Front. Drug Saf. Regul. , 11 March 2025

Sec. Advanced Methods in Pharmacovigilance and Pharmacoepidemiology

Volume 5 - 2025 | https://doi.org/10.3389/fdsfr.2025.1579171

This article is part of the Research Topic External Control Arms for Single-Arm Studies: Methodological Considerations and Applications View all 6 articles

Editorial: External control arms for single-arm studies: methodological considerations and applications

  • 1Lane, Clark and Peacock (LCP) LLP, London, United Kingdom
  • 2Johnson & Johnson, Horsham, PA, United States
  • 3Nemesis Health, Observational Health Data Sciences and Analytics (OHDSI), New York, NY, United States

Introduction

An external comparator refers to data from patients outside the parameters of a clinical trial, used to contextualize or compare trial outcomes. These data can come from various real-world data (RWD) sources such as electronic health records, disease registries, or other clinical trials (Mack, 2020; Seeger, 2021; FDA, 2023). External comparators have become important for providing context or comparisons for regulatory submissions in oncology and other rare disease settings when randomised clinical trials (RCTs) are impractical or ethically challenging (Mack, 2020; Seeger, 2021; Mishra-Kalyani, 2022). ECs may also be used in long-term, post-marketing surveillance studies where patients continue on the experimental treatment after the RCT ends (Wang, 2022). The practice of using ECs in support of regulatory and payer submissions as part of evidence for drug approval has also become prevalent in recent years. Patel et al. (2021) identified 433 single-arm clinical trial-based Health Technology Assessment (HTA) submissions between 2011 and 2019, of which 52% contained some type of EC data. As ECs increasingly support regulatory and HTA submissions, methods for these studies need to be advanced to provide the strongest, least biased evidence for approving and reimbursing treatments.

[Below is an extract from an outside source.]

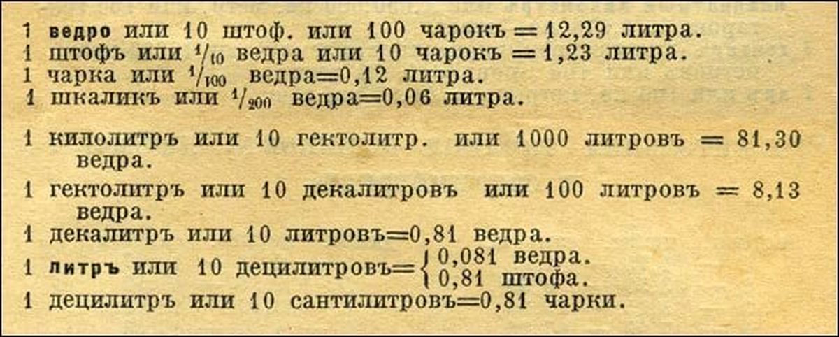 В основе используемых в народе измерений объема жидкости было ведро. В письменных памятниках X-XIII вв. термин «ведро» упоминается в двух значениях: во-первых, как хозяйственный сосуд, и, во-вторых, как единица объема. В значении «сосуд, определенно установленного объема» слово ведро употреблен не изолированно, а с дополнительным определением, например, ведро государево, ведро дворцовое и ведро казенное. Причем образцом для измерения объема жидких веществ было ведро дворцовое. Первоначально оно делилось на двенадцать кружек, каждая из которых содержала в себе почти три фунта чистой воды.

This Research Topic includes five articles that highlight recent methodological developments in EC studies that aim to enhance transparency and improve the robustness of EC studies.

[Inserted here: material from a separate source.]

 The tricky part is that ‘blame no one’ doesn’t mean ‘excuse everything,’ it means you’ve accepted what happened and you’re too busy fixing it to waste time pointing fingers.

Standardizing nomenclature and conceptual frameworks

As the use of ECs expands, clear and consistent terminology is essential to ensure methodological transparency and regulatory acceptance. Rippin et al. propose a standardized nomenclature framework for studies comparing clinical trial intervention arms with external data. They emphasize that terminology should reflect the observational nature of EC studies rather than suggest an equivalence to RCT control arms. They caution against the term Externally Controlled Trial unless the EC was pre-specified in the protocol. Instead, they advocate for terms such as External Comparator Cohort (ECC) or External Comparator (EC) when data collection for the EC was not planned before the trial initiation. External patient data used as a comparator differ fundamentally from RCT control arms, as they are drawn from separate populations and often rely on different data collection methods. Also, calling EC populations an “arm” falsely suggests that the external data are directly connected to interventional trial data. The authors advocate that the term “study” is more appropriate since an ECC is a new study being conducted outside the original trial protocol and applies observational study research methods. By adopting precise terminology, researchers and regulators can minimize unrealistic expectations and better align EC studies with observational research principles.

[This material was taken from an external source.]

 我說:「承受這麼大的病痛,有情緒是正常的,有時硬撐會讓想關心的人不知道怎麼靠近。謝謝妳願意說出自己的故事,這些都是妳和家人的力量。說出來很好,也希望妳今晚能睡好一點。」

Building upon the need for clearer definitions, Rippin explores the role of estimands in defining treatment effects in EC studies. This perspective article discusses how the estimand framework from the International Council for Harmonisation (ICH) E9 (R1) addendum can be adapted for EC studies. The framework outlines five key estimand attributes: treatment conditions, population, endpoints, handling of intercurrent events, and population-level summary. The author suggests additional considerations for the estimand specific to EC studies, including the baseline definition, the marginal estimator and completeness of data. These attributes are particularly important in EC studies, where data inconsistencies and potential biases require refined methodologies.

Target trial emulation (TTE): bridging the gap between RCTs and EC studies

A major challenge in EC studies is ensuring methodological rigor to generate regulatory-grade evidence. Arnold et al. propose target trial emulation (TTE) as a framework to improve the design and analysis of EC studies. The TTE framework involves specifying the ideal target trial protocol and then emulating its key elements—such as eligibility criteria, treatment strategies, and outcome definitions—using RWD. This approach enhances comparability between EC and trial cohorts by mimicking RCT design. However, there are some limitations; for example, the effectiveness of the TTE framework relies heavily on the quality and completeness of RWD such that incomplete or inaccurate data can lead to biased results. Unmeasured confounding makes it difficult to draw definitive causal inferences, and implementing the TTE framework can be complex and resource-intensive, requiring detailed knowledge of both the target trial design and the available RWD. Despite these limitations, the transparency and structured principles of TTE can enhance the confidence of the regulatory bodies like the FDA, European Medicines Agency (EMA), and Medicines and Healthcare products Regulatory Agency (MHRA) in EC studies.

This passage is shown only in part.